Our solution is illustrated using a stochastic approach that is grounded in Markov Decision Processes theory. Three distinct EA models are considered and four distinguishable evolutions are available afterward. Therefore, this illustration raises the challenge of choosing between twelve different EA evolution options. In this sense, the challenge is to identify the EA evolution option that maximizes value. We remark that a stochastic approach does not address unknown exception situations; however, it covers a significant part of the reality of how actors behave within their social and human interactions. Moreover, this solution is able to show the valuation throughout the intermediate EA evolution stages. Therefore, the organization is able to forecast not only the final valuation to be achieved, but also the value that will be returned throughout time.

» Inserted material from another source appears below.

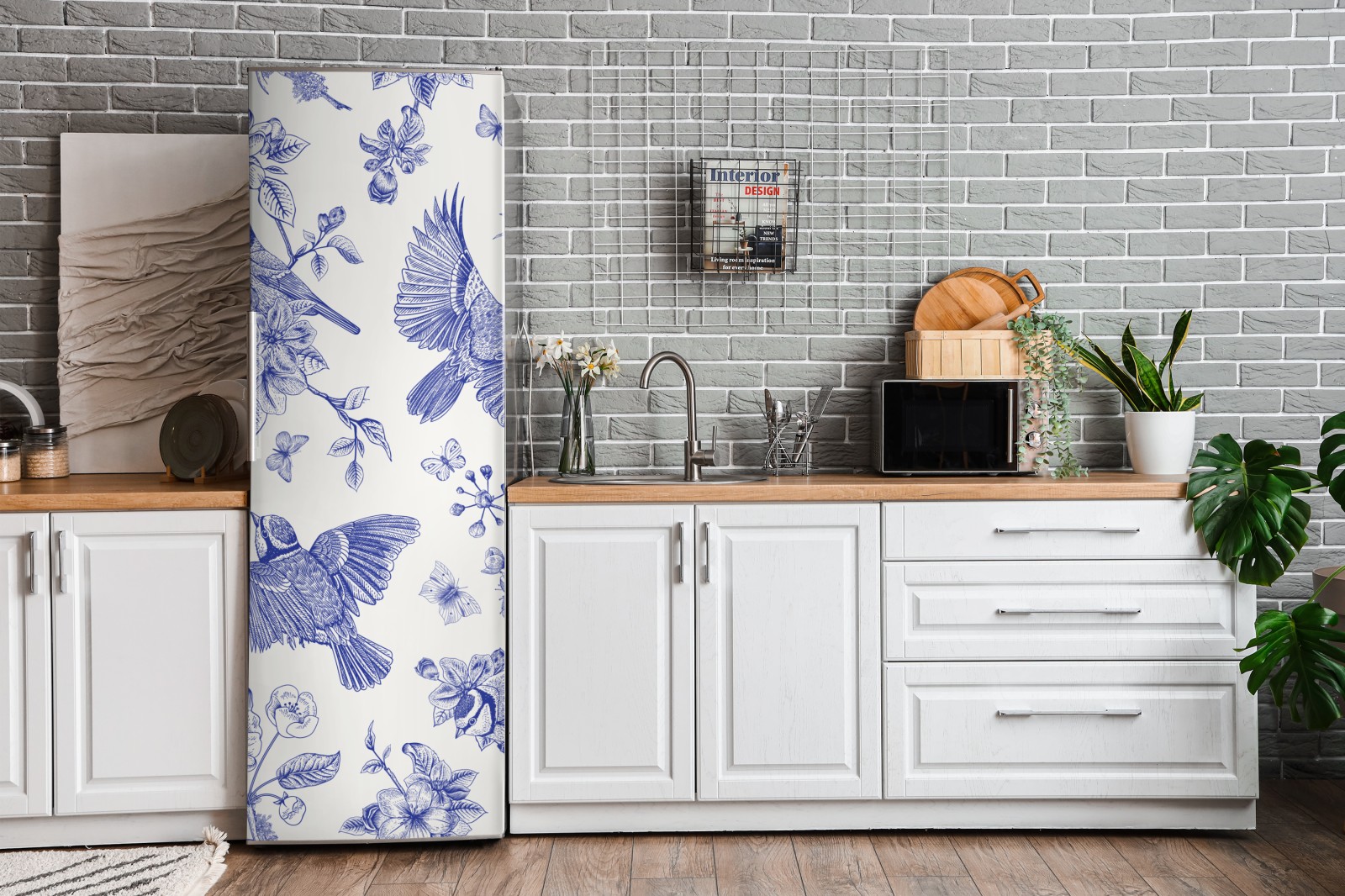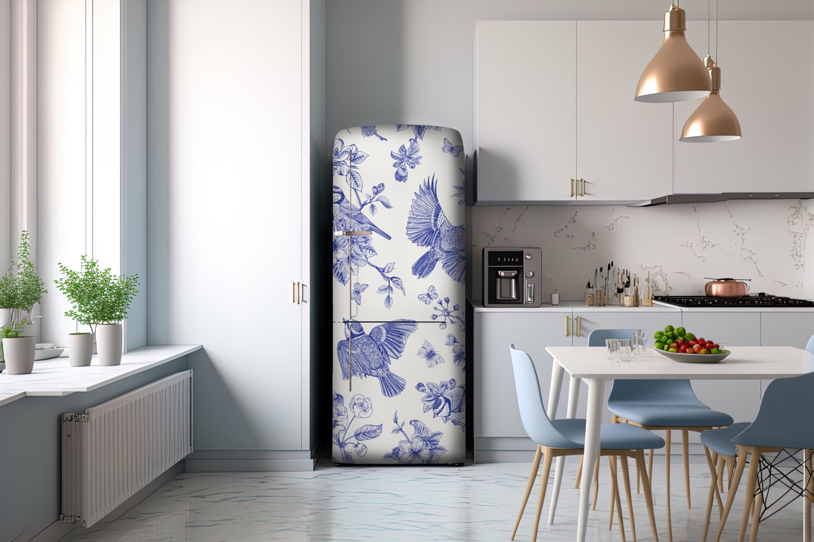 Kühlschrankaufkleber blaues muster mit vögeln und blüten im vintage-stil

The main weakness of the method presented is, of course, that it has not yet been applied to a real case. Clearly, this constitutes the most important direction for future work, where not least the elicitation of probabilities and the full complexity of EA evolution options will be important challenges to overcome. By finding suitable industry partners, we hope to develop an informed decision-making approach that works, side-by-side, with humans taking dynamic decisions. Some potential alternatives and complements are business intelligence, business analytics, process mining, and event calculus. In such real-world environments, the richness of detailed data available might also call for the use of simulation methods that go beyond the analytic solutions demonstrated here.